SSS were unnecessary being malicious in locking him up in his room when they

did – and to protect him from the angry Anambrarians who felt piqued at his

taking them for granted by his highly provocative visit. I often like to quote

my oga at the top, Mr. Sam Kargbo, who writes for the Daily Independent Newspaper. His article titled, ‘Revisiting

Fashola’s politics and development’, published on Thursday 21st 2014

eloquently captures what the so-called political elite should have done and be

doing instead of running political opponents down. Hear him: ‘Democracy has its

challenges, but the greatest challenge we are facing is the challenge of

building a political class capable of managing resources for the benefit of the

people. In this respect, the elite must

join the political arena and participate actively in campaigns, elections and

all aspects of politics including the molding and creation of a critical mass

of voters capable of putting into elective offices, people of proven integrity

and competence.

This was the agenda that the opposition did not set for

itself against the backdrop of the Ekiti election – Ekiti then suddenly became

a mecca for politicians who had never set foot on Ekiti soil either as visitors

or campaigners for their party. Now please do not get me wrong here – there is

nothing in the books that says that politicians cannot go to a state to

campaign but if it would have been downright irresponsible if the government

had folded its arms and legs, albeit in the spirit of political tolerance, to allow

certain people to go Ekiti to ‘campaign’ just twenty four hours before the

elections proper. Twenty four hours before the elections, Ekiti suddenly began

to teem and swarm with politicians with fat wallets, ready to rock the state.

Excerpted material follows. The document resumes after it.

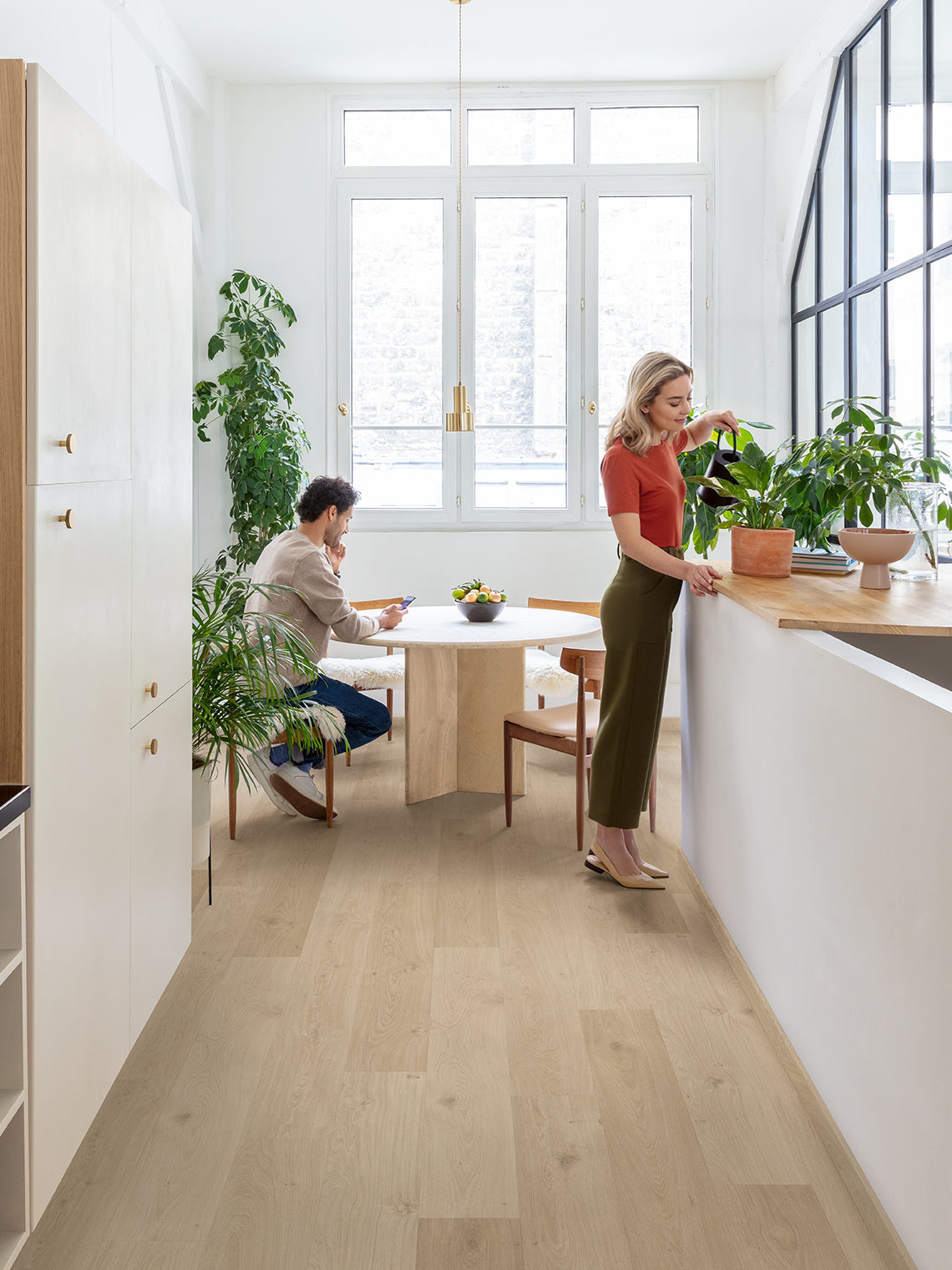 Panele winylowe Quick-Step Blos Dąb Coast Piaskowy (AVSPU40322) to elegancki wybór dla tych, którzy pragną wprowadzić do wnętrza ciepło i naturalny styl. Charakteryzują się jasnym, piaskowym odcieniem dębu, który nadaje przestrzeni przytulny klimat. Wymiary paneli to 1251 mm długości, 189 mm szerokości i 5 mm grubości, a zintegrowany podkład zapewnia dodatkowy komfort oraz izolację akustyczną. Idealne do nowoczesnych i klasycznych aranżacji, łączą elegancję z funkcjonalnością.
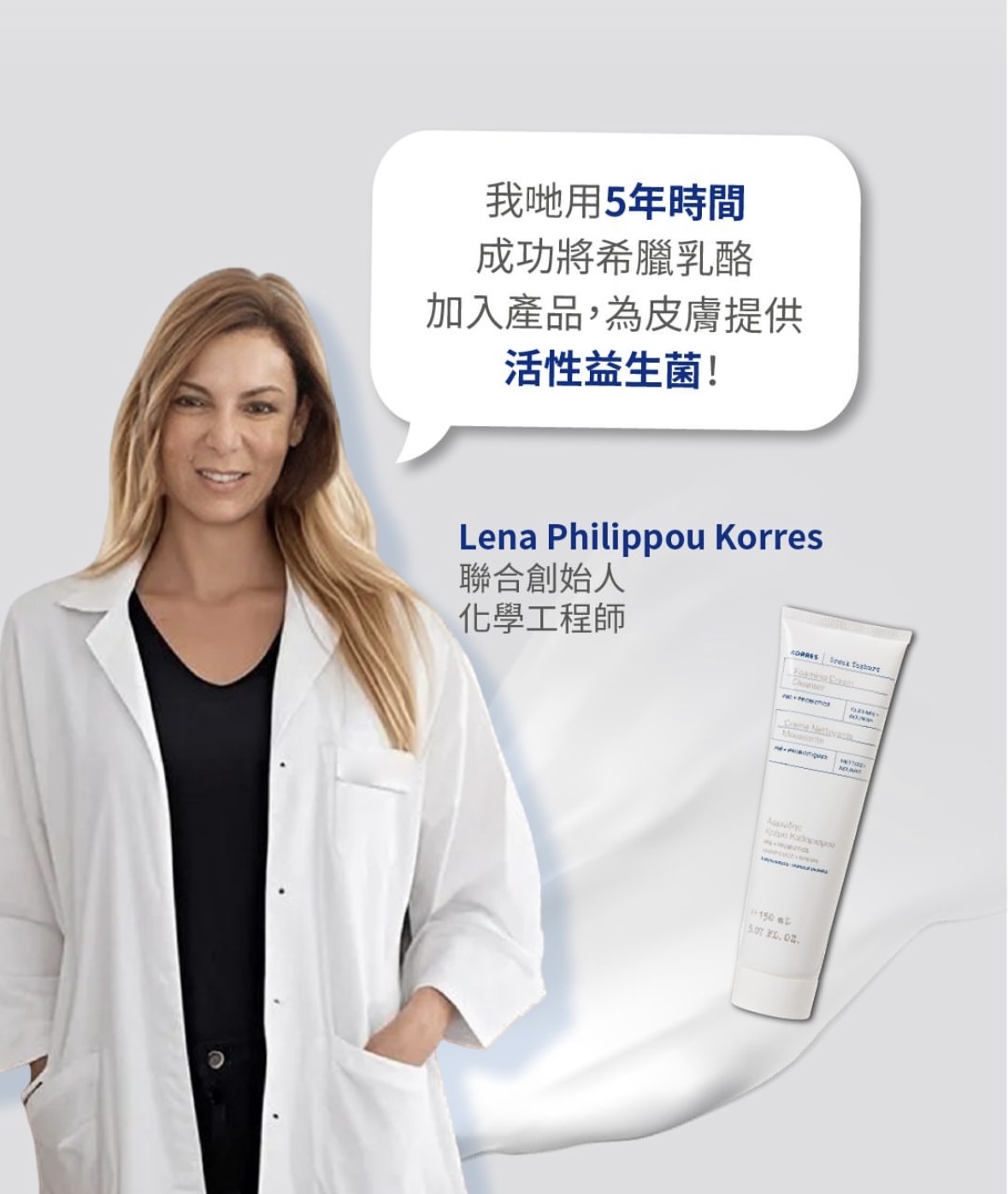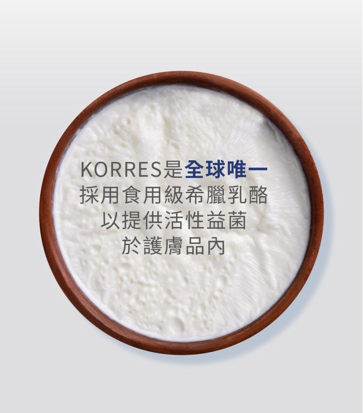 - 全球首創選用食用級希臘乳酪,作為產品的主要成份是一項科學和創新的成就,即使現在的護膚及化妝科技都難以保存乳酪的活性及營養

They were not allowed in, and the result of that election is comfortably

nestled somewhere in history as the local equivalent of the Arab Spring and of

the June 12 presidential election – nothing else in the annals of our political

experience could explain how that election happened the way it happened unless

the government took proactive steps.

But some Nigerians are indeed terrible sports and such sore

losers. Even with the Ekiti Arab Spring where a defeated governor conceded

defeat and congratulated his opponent, the opposition still went on to allege

that the elections were rigged in favour of the PDP because the government did

the needful by deploying a sizable proportion of security men and women and

patriots determined to forestall the mayhem and pandemonium that the opposition

had arranged. The opposition did not

stop at that. Incredibly, they have

listened to some practitioners of the law seeking to benefit from the electoral

process and they have gone to court to challenge our Arab Spring of an election

in Ekiti State.

For me, what compounds the credibility ratio and index

unfavourable to the opposition is that in the build up to the elections in

Osun, they began to play mind games with everyone. They alleged that the PDP

was going to rig the elections. That allegation was hinged on the theory that

since the PDP won the elections in Ekiti state with a huge draft of security

men and women to Osun, it was going to win the Osun election as well.

Therefore, having boxed everyone in a corner with their rhetoric, the APC

resorted to issuing threats, the most serious one of them being that it was

going to form a parallel government in the event that it did not win the

elections.

The Osun elections have come and gone, and the APC won by a

very slim margin in a keenly contested election, and under a playing field

adjudged by us all as level. Many people have said that the PDP lost because

its candidate was a hard sell. I do not know about this. What I am sure of is

that Nigerian politicians are like the lawyers: they win a case and they

proceed to the rooftops to let the world know that the judicial system that

gave them victory is the best in the world; if they lose the case, they proceed

to the rooftops as well and tell you the judge erred in law, principle and

fact, and that the judgement is a travesty of the judicial system. For us to develop as a nation seeking to get

it right, politicians must learn to be mature and magisterial in their scope

and outlook concerning the political process.